**Data for analysis**
::::

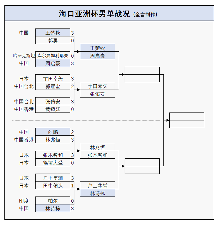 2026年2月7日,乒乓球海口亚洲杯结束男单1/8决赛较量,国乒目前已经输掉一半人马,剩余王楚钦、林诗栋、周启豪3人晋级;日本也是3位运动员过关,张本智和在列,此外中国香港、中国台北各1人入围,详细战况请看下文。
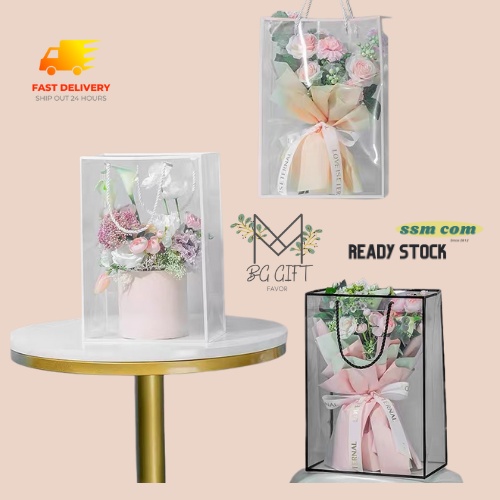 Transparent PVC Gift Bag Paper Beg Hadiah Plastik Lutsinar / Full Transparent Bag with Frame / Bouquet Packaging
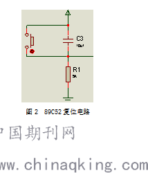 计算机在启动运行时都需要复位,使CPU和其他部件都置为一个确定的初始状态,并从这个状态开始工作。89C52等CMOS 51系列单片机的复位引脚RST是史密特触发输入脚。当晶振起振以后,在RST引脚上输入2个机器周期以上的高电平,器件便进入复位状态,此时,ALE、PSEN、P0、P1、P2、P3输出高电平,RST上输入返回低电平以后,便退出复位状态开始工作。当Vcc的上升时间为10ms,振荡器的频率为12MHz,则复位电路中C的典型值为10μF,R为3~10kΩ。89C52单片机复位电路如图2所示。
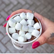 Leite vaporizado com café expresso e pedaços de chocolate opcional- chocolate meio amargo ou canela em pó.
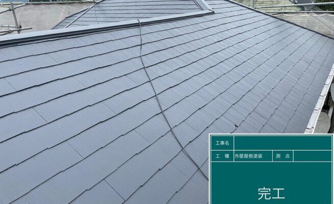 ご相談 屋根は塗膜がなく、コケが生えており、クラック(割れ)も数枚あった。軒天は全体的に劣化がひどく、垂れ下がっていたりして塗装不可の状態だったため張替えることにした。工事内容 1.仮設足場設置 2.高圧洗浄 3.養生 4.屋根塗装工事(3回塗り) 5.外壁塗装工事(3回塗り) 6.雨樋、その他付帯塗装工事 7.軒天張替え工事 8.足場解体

::::

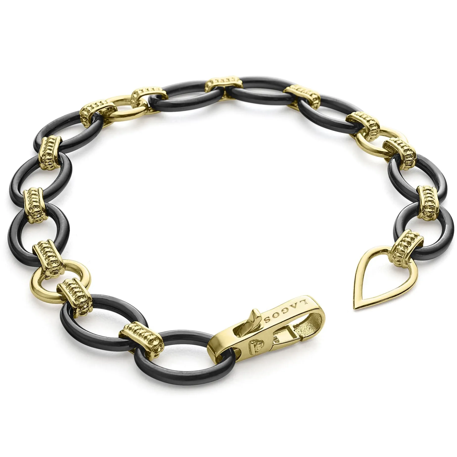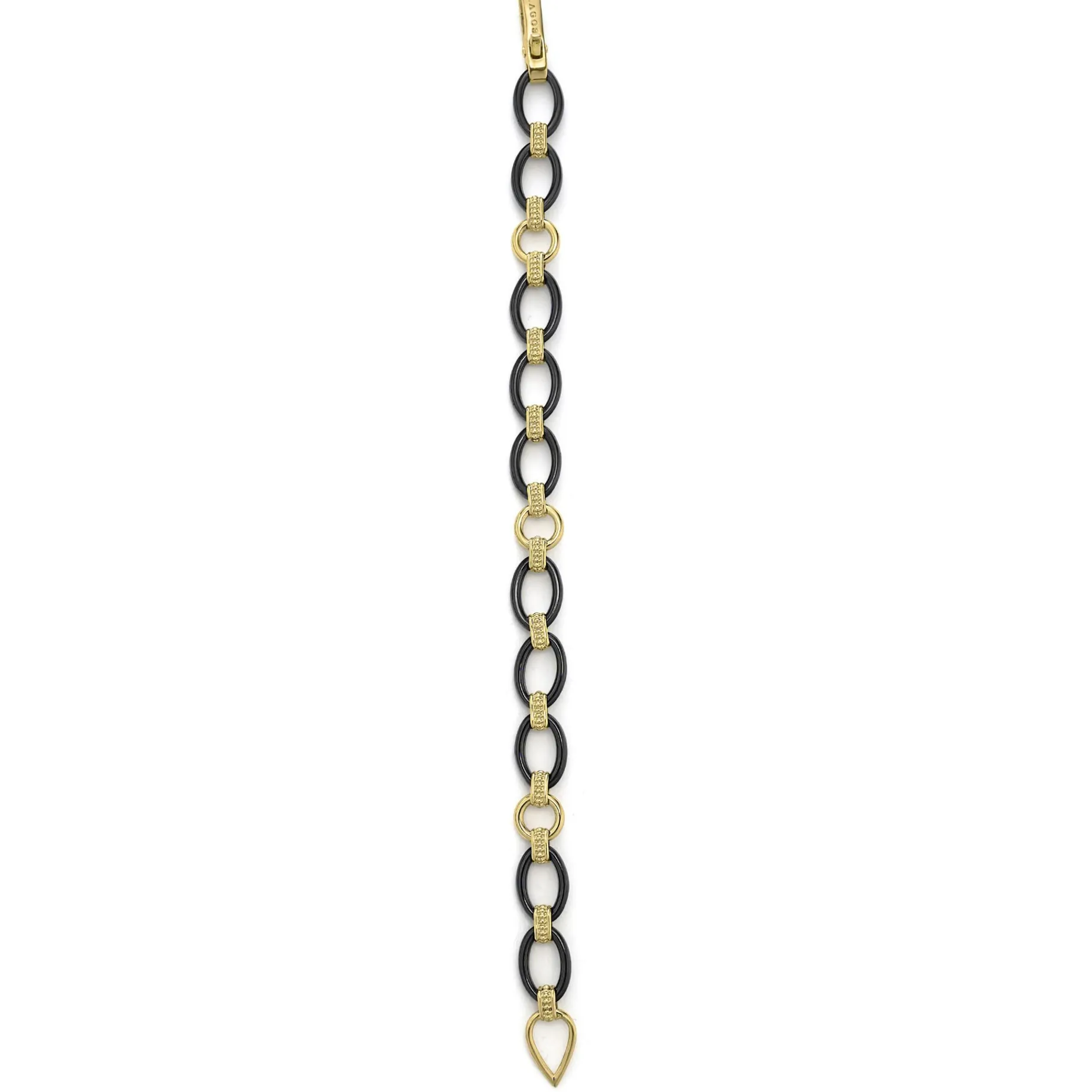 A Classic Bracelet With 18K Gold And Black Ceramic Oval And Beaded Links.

::::

**Required work**
What is needed is an exact copy of the lines above from the one with "2026年2月7日,乒乓球海" to the one with "6.雨樋、その他付帯塗装工事 7.軒天張替え工事 8.足場解体", both ends kept, and nothing more; please leave the pictures out.

**Response to the exercise**
 2026年2月7日,乒乓球海口亚洲杯结束男单1/8决赛较量,国乒目前已经输掉一半人马,剩余王楚钦、林诗栋、周启豪3人晋级;日本也是3位运动员过关,张本智和在列,此外中国香港、中国台北各1人入围,详细战况请看下文。
 Transparent PVC Gift Bag Paper Beg Hadiah Plastik Lutsinar / Full Transparent Bag with Frame / Bouquet Packaging
 计算机在启动运行时都需要复位,使CPU和其他部件都置为一个确定的初始状态,并从这个状态开始工作。89C52等CMOS 51系列单片机的复位引脚RST是史密特触发输入脚。当晶振起振以后,在RST引脚上输入2个机器周期以上的高电平,器件便进入复位状态,此时,ALE、PSEN、P0、P1、P2、P3输出高电平,RST上输入返回低电平以后,便退出复位状态开始工作。当Vcc的上升时间为10ms,振荡器的频率为12MHz,则复位电路中C的典型值为10μF,R为3~10kΩ。89C52单片机复位电路如图2所示。
 Leite vaporizado com café expresso e pedaços de chocolate opcional- chocolate meio amargo ou canela em pó.
 ご相談 屋根は塗膜がなく、コケが生えており、クラック(割れ)も数枚あった。軒天は全体的に劣化がひどく、垂れ下がっていたりして塗装不可の状態だったため張替えることにした。工事内容 1.仮設足場設置 2.高圧洗浄 3.養生 4.屋根塗装工事(3回塗り) 5.外壁塗装工事(3回塗り) 6.雨樋、その他付帯塗装工事 7.軒天張替え工事 8.足場解体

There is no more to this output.